◆ Brief
Word for word, copy the entire listing below, but do not carry over any pictures.

◆ Collected data

::::::

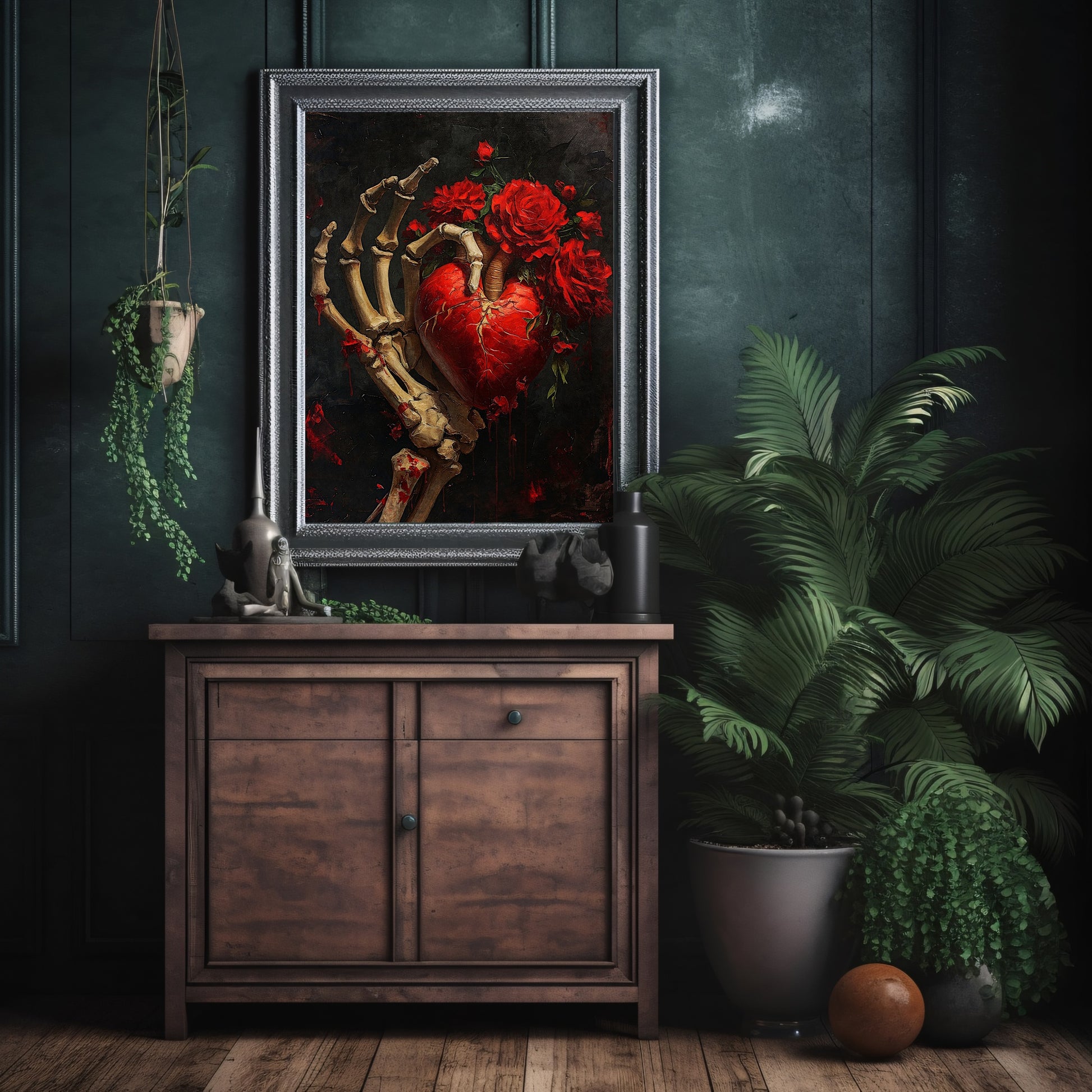 Gothic Valentine Gothic Wall Art Antique Oil Painting Skeletal Hand holding Heart and Roses Gothic Decor Goblincore Dark Romance Print Paper Poster Print
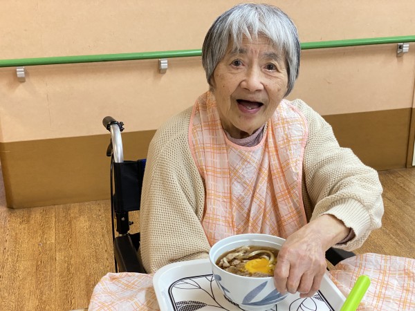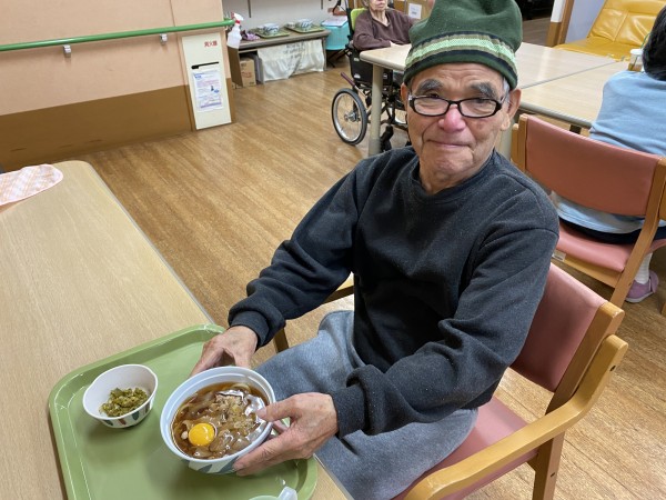 卵を加えて、肉月見うどんを提供しました(^O^)/
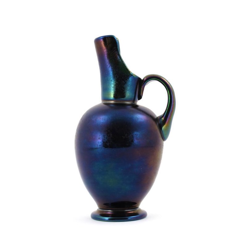A Webb Bronze glass jug, the design attributed to Dr Christopher Dresser, ovoid with cylindrical neck and loop handle unsigned 25cm. high

::::::

◆ Written response
 Gothic Valentine Gothic Wall Art Antique Oil Painting Skeletal Hand holding Heart and Roses Gothic Decor Goblincore Dark Romance Print Paper Poster Print
 卵を加えて、肉月見うどんを提供しました(^O^)/
A Webb Bronze glass jug, the design attributed to Dr Christopher Dresser, ovoid with cylindrical neck and loop handle unsigned 25cm. high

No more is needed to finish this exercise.